How nice . Can you post a pic of them?


Sent from Petguide.com Free App


----------



## maggieh (Dec 16, 2007)

Those would be from our very own Laura (LuvMyBoys)! Several of us are enjoying beverages from her work! 

Many thanks to her!


----------



## lydiatug (Feb 21, 2012)

I love Laura's wine glasses and hope someday to be a proud owner


----------



## CorkieYorkie (Apr 10, 2012)

I want some too!!!! :w00t:


Sent from Petguide.com Free App


----------



## maggieh (Dec 16, 2007)

CorkieYorkie said:


> I want some too!!!! :w00t:
> 
> 
> Sent from Petguide.com Free App


So come next year!


----------



## The A Team (Dec 1, 2005)

I am also a proud owner of some of Laura's adorable painted wine glasses!

....just don't put them in the dish washer!

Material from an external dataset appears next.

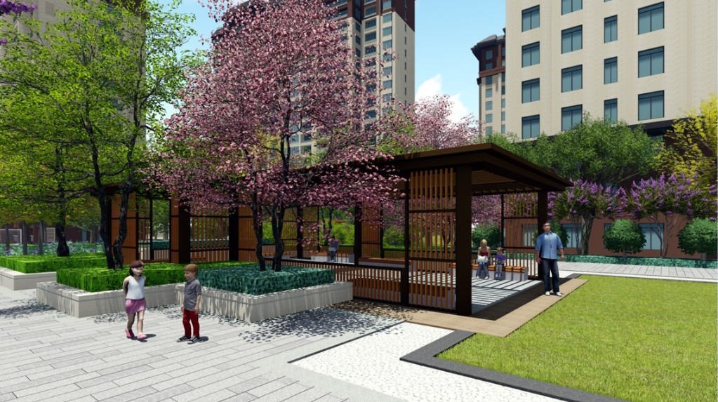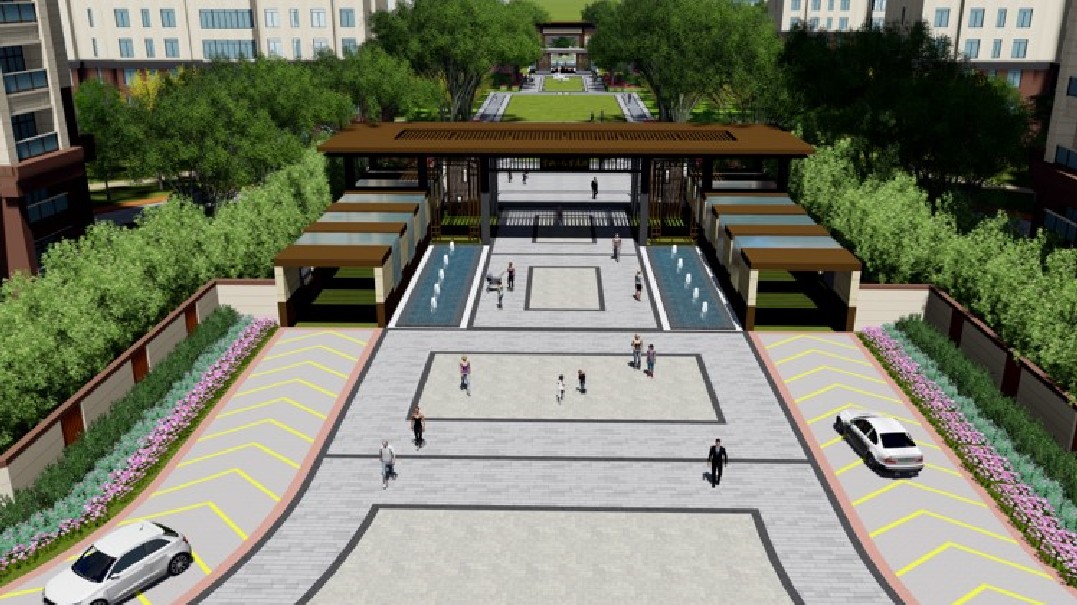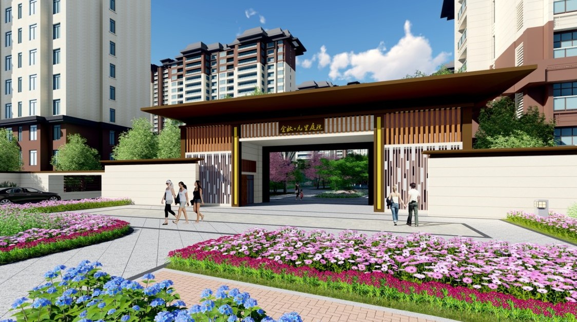 設(shè)計理念:新中式風(fēng)格,大門造型采用方頂,平直線條來打造,凸顯其莊嚴(yán)、肅穆、大氣之感,基于小區(qū)的功能以及使用人群的屬性,打造運動空間、休閑會客空間、靜謐空間。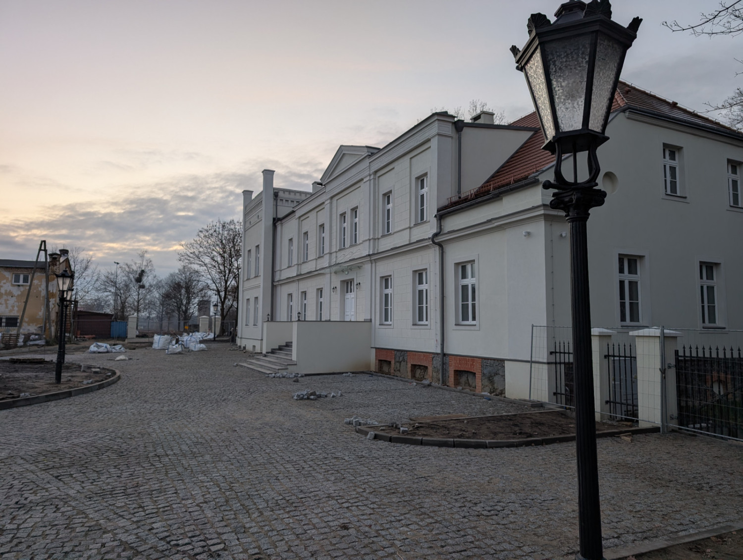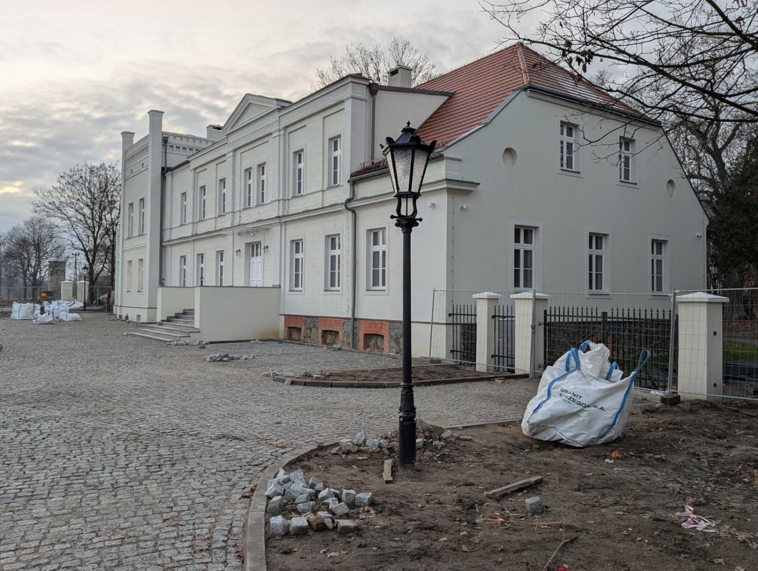 – Trwają ostatnie prace na zewnątrz budynku – mówi Łukasz Tomaszewicz. – W zeszłym tygodniu zostały zamontowane latarnie, które wcześniej były na Zamku Książąt Pomorskich. Dostały drugie życie.

Stan put mine in it and ruined it...but luckily for me, Laura saw my post about it on FB and send me more! Love her.:wub:


----------



## Maglily (Feb 3, 2009)

Lucky you! they are so nice.


----------



## lydiatug (Feb 21, 2012)

Maybe we can get lucky and win some at our SM Rescue Raffle?????


----------



## Madison's Mom (Dec 26, 2007)

Yay Laura!


----------



## pammy4501 (Aug 8, 2007)

I also won two of Laura's adorable creations at the Rescue Raffle at National's! Laura generously donated a number of her glasses and cups for AMAR!


----------



## Lacie's Mom (Oct 11, 2006)

I am also honored to have one of her wine glasses and I LOVE it. It's very special.


----------



## Abbey & Me (Jun 25, 2014)

Is there anywhere I could buy these glasses? I know my boyfriends mother would ADORE these!


----------



## maltese manica (Nov 6, 2012)

I as well have always admired the glasses too!


----------